Submitting a job to your Spark cluster in this package mimics the experience of a typical standalone cluster. A spark job will be submitted to the system and run to completion.
The spark-submit experience is mostly the same as any regular Spark cluster with a few minor differences. You can take a look at aztk spark cluster --help
for more detailed information and options.
Run a Spark job:
aztk spark cluster submit --id <name_of_spark_cluster> --name <name_of_spark_job> <executable> <executable_params>
For example, to run a local pi.py file on a Spark cluster, simply specify the local path of the file:
aztk spark cluster submit --id spark --name pipy examples/src/main/python/pi.py 100
To run a remotely hosted pi.py file on a Spark cluster, specify the remote path of the file and use the '--remote' flag:
aztk spark cluster submit --id spark --name pipy --remote wasbs://path@remote/pi.py 100
NOTE: The job name (--name) must be at least 3 characters long, can only contain alphanumeric characters including hyphens but excluding underscores, and cannot contain uppercase letters. Each job you submit must have a unique name.

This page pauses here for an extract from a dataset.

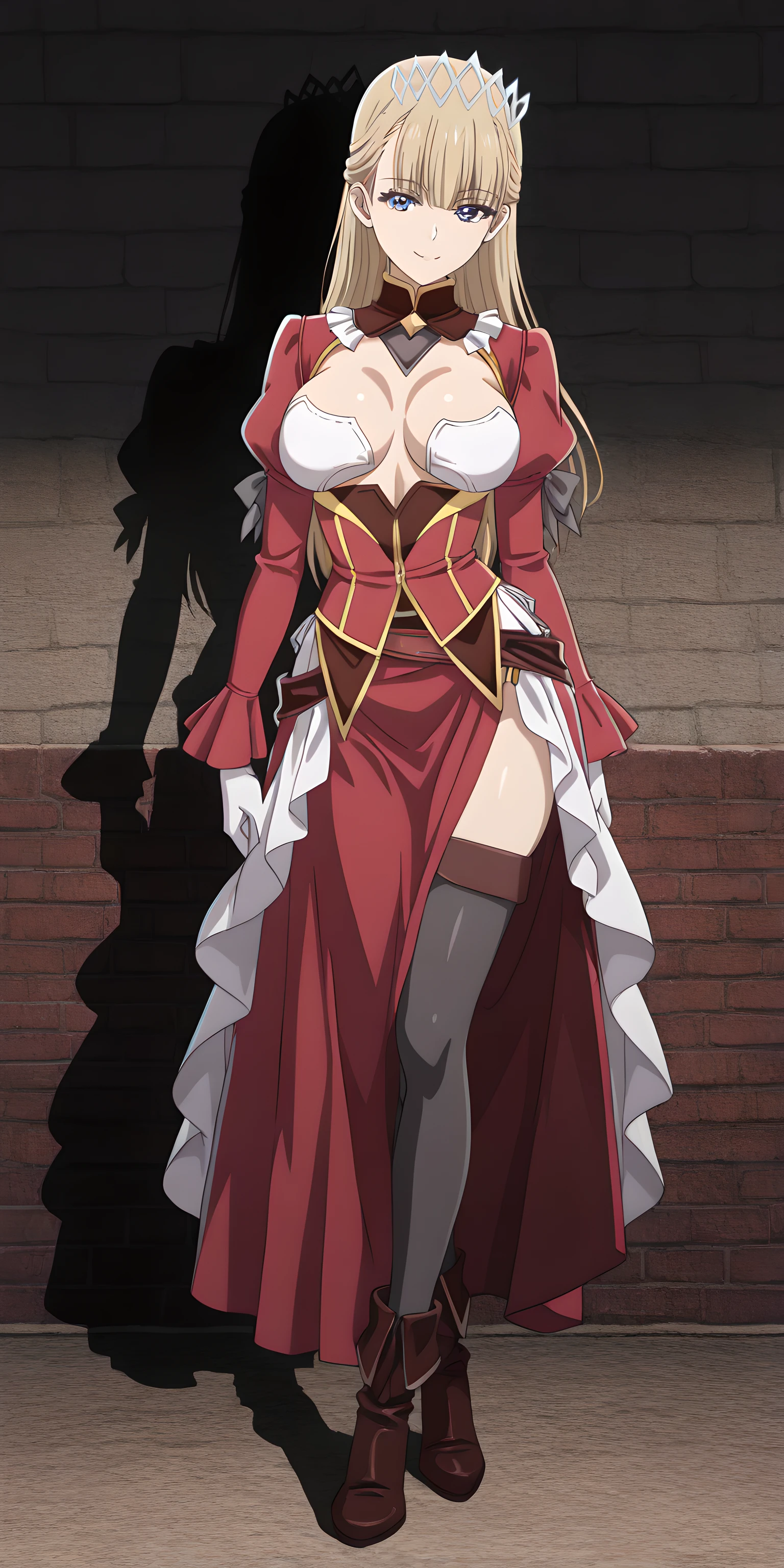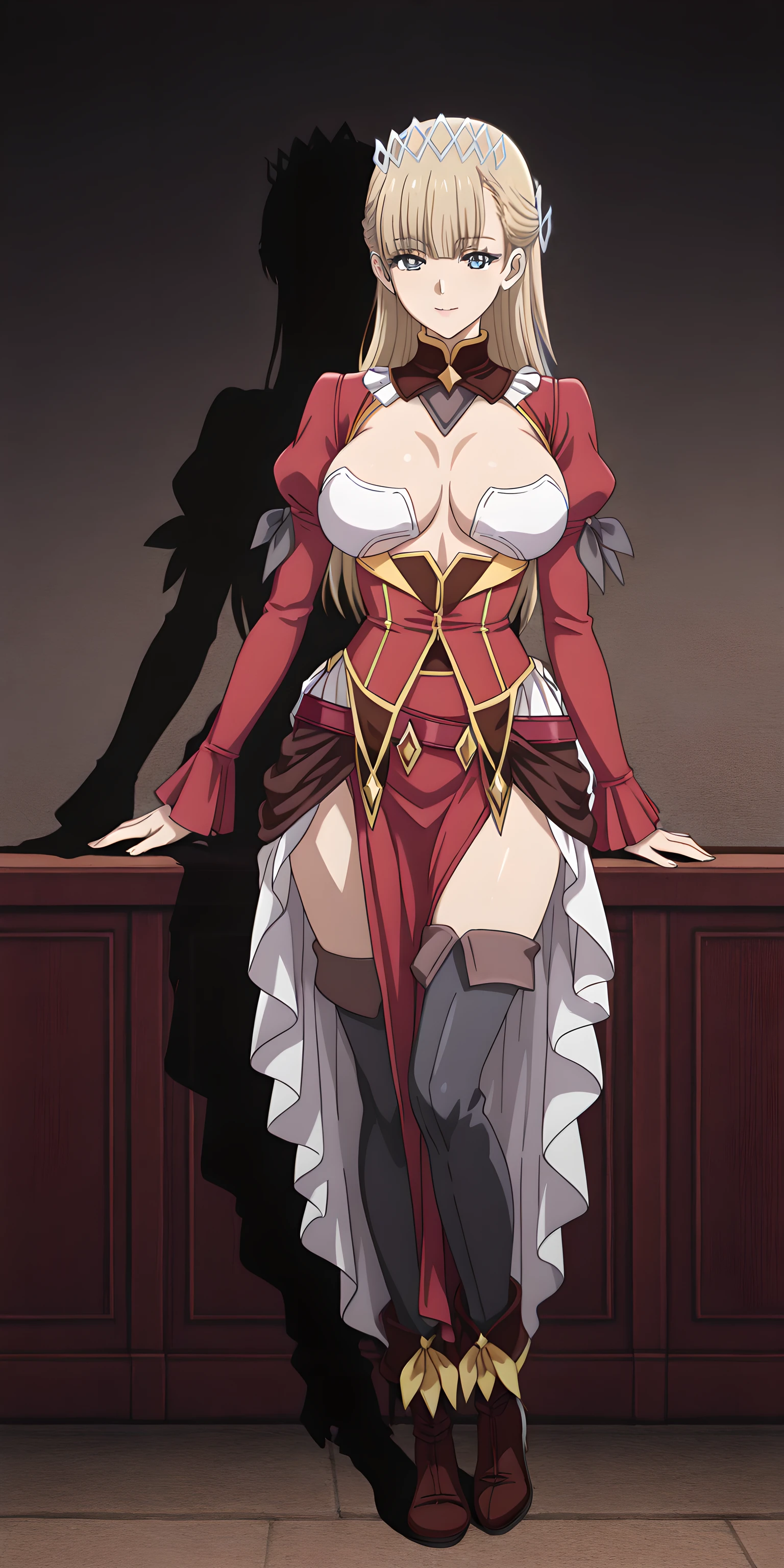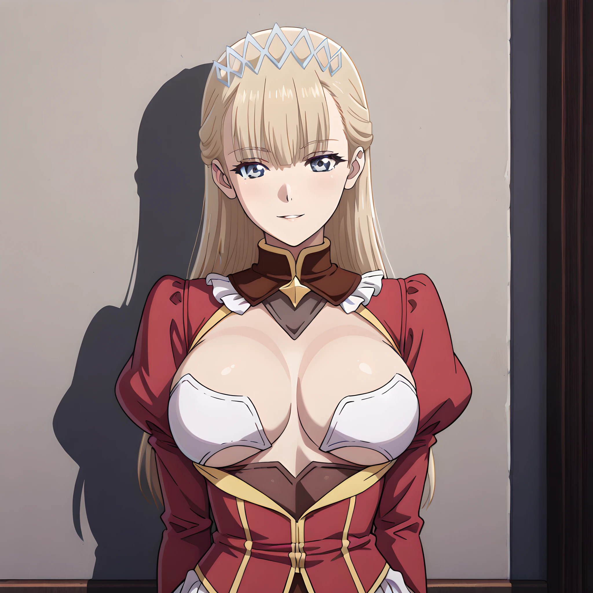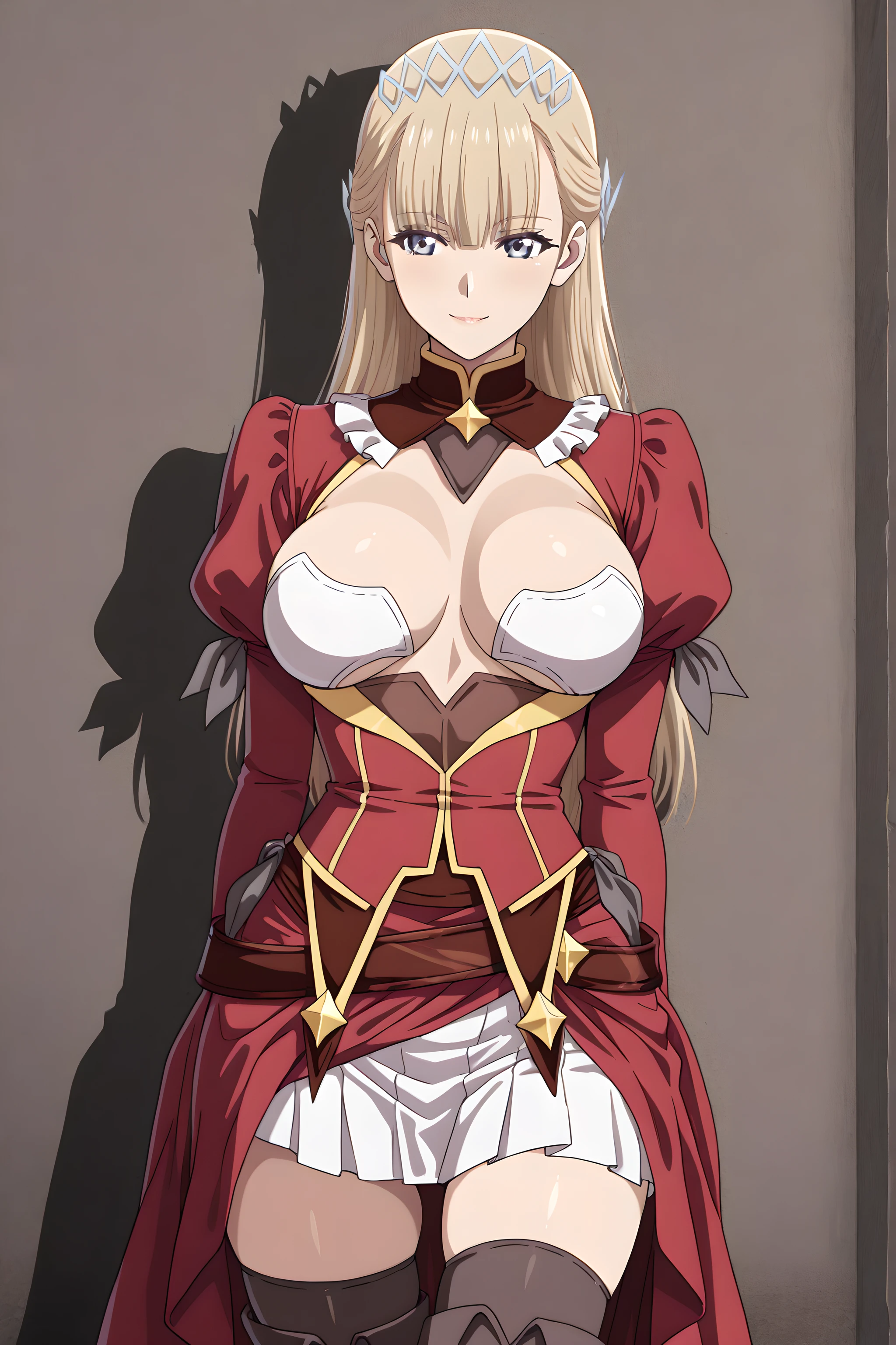 Activation tag is "seras_ashrain,". Appearance is "blonde hair, long hair, blue eyes, blunt bang, anime coloring, large breasts" . Outfit tag is at sample images.

If you have set up a SSH tunnel with port forwarding, you can navigate to http://localhost:8080 and http://localhost:4040 to view the progress of the job using the Spark UI
The default setting when running a job is --wait. This will simply submit a job to the cluster and wait for the job to run. If you want to just submit the job and not wait, use the --no-wait flag and tail the logs manually:
aztk spark cluster submit --id spark --name pipy --no-wait examples/src/main/python/pi.py 1000
aztk spark cluster app-logs --id spark --name pipy --tail